*** DATA ***
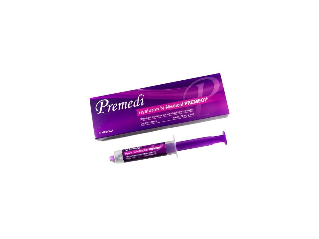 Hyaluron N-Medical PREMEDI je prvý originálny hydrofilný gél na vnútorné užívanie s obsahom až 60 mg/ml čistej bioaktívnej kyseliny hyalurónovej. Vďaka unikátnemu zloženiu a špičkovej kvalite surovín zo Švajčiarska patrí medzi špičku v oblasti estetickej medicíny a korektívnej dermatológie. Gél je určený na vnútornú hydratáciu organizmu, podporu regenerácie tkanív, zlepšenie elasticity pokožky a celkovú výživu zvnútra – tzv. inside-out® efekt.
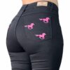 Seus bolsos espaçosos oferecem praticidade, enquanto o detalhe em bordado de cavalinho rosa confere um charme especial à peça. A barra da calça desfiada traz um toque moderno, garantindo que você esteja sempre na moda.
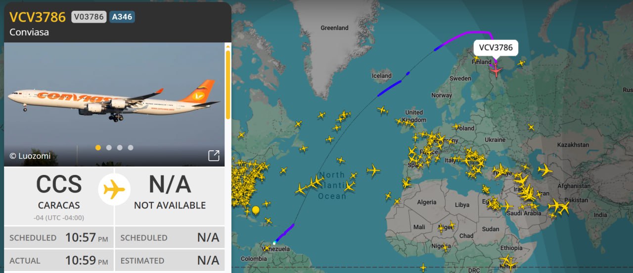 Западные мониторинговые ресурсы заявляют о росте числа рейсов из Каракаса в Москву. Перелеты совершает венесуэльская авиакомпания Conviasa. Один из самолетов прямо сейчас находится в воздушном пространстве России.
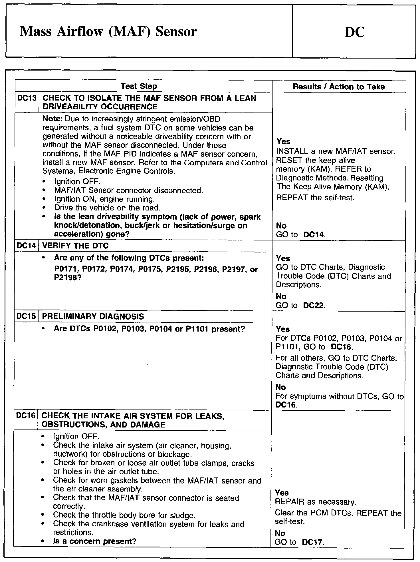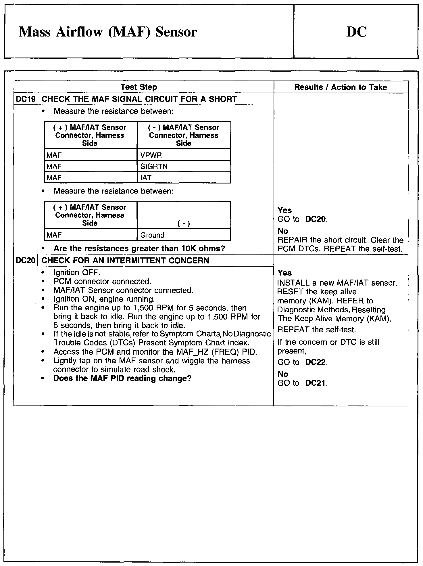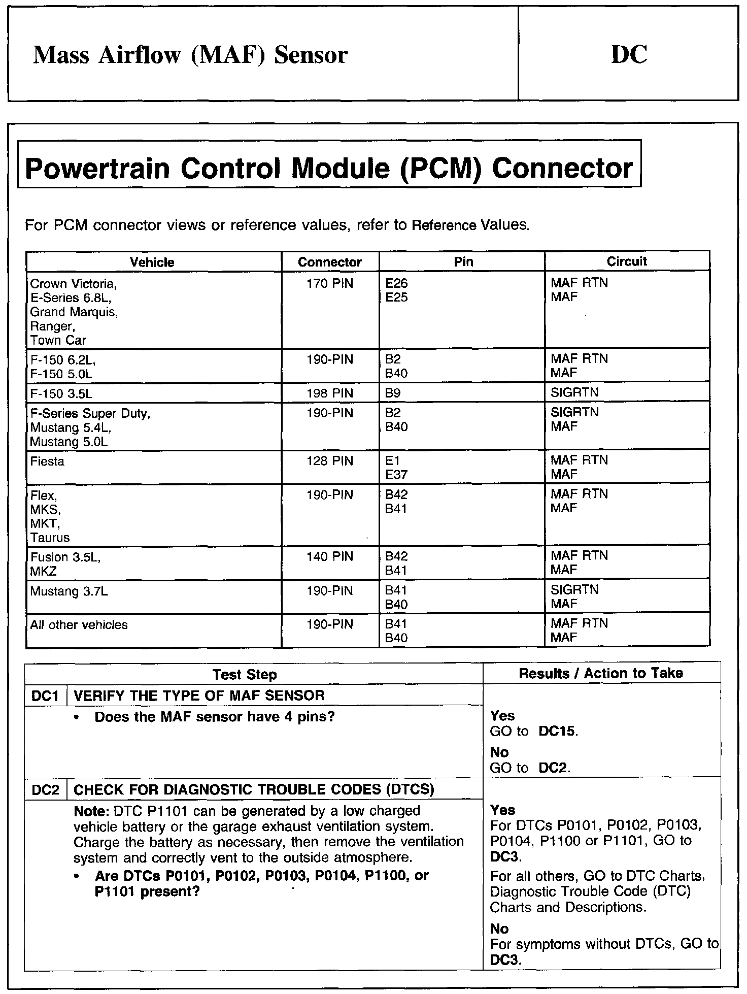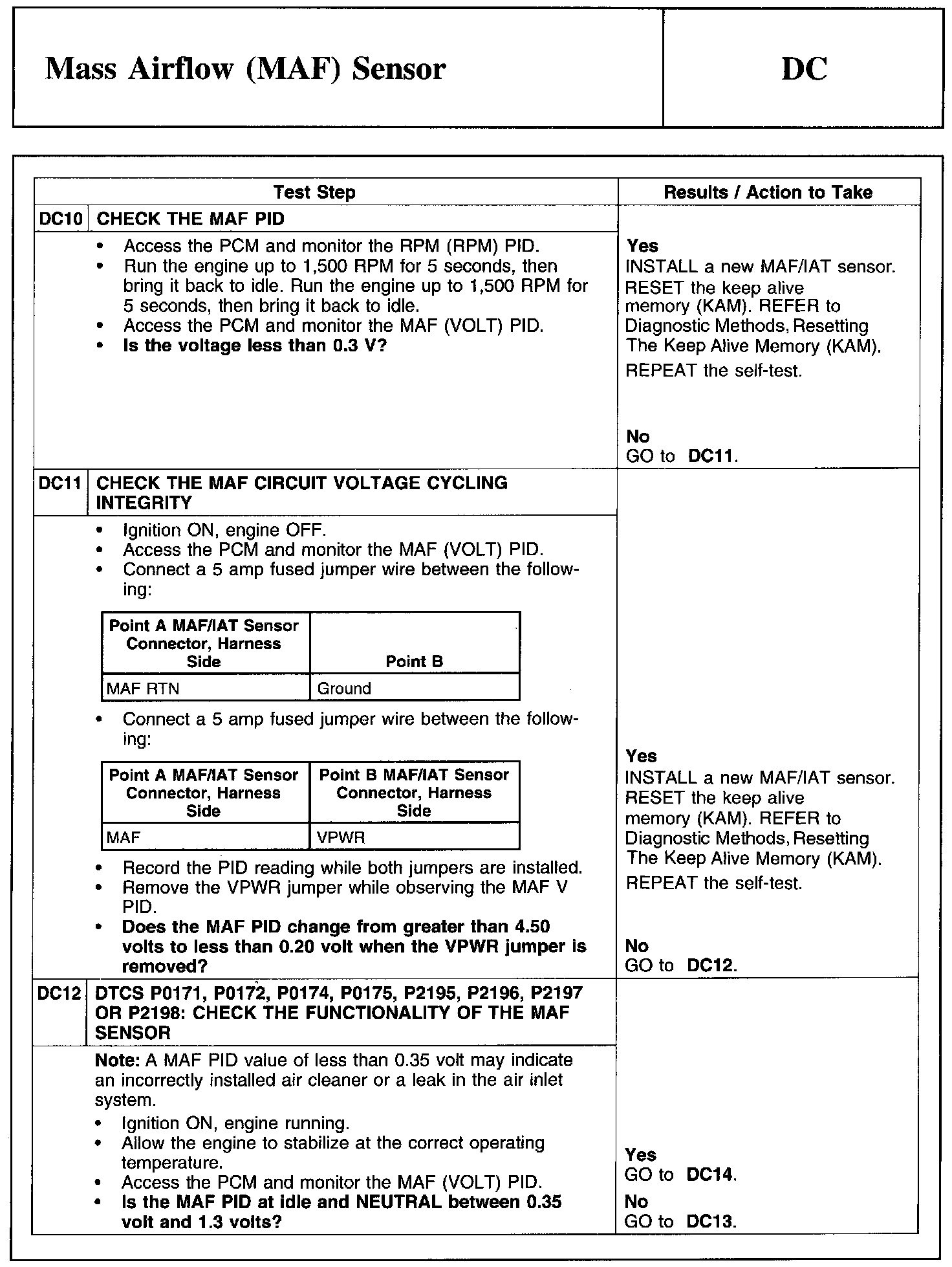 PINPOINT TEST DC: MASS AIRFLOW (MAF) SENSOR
***
▶ _PROBLEM DETAILS_: Set down the entire material verbatim, with each picture left out.

▶ _WRITTEN REPLY_:
 Hyaluron N-Medical PREMEDI je prvý originálny hydrofilný gél na vnútorné užívanie s obsahom až 60 mg/ml čistej bioaktívnej kyseliny hyalurónovej. Vďaka unikátnemu zloženiu a špičkovej kvalite surovín zo Švajčiarska patrí medzi špičku v oblasti estetickej medicíny a korektívnej dermatológie. Gél je určený na vnútornú hydratáciu organizmu, podporu regenerácie tkanív, zlepšenie elasticity pokožky a celkovú výživu zvnútra – tzv. inside-out® efekt.
 Seus bolsos espaçosos oferecem praticidade, enquanto o detalhe em bordado de cavalinho rosa confere um charme especial à peça. A barra da calça desfiada traz um toque moderno, garantindo que você esteja sempre na moda.
 Западные мониторинговые ресурсы заявляют о росте числа рейсов из Каракаса в Москву. Перелеты совершает венесуэльская авиакомпания Conviasa. Один из самолетов прямо сейчас находится в воздушном пространстве России.
 PINPOINT TEST DC: MASS AIRFLOW (MAF) SENSOR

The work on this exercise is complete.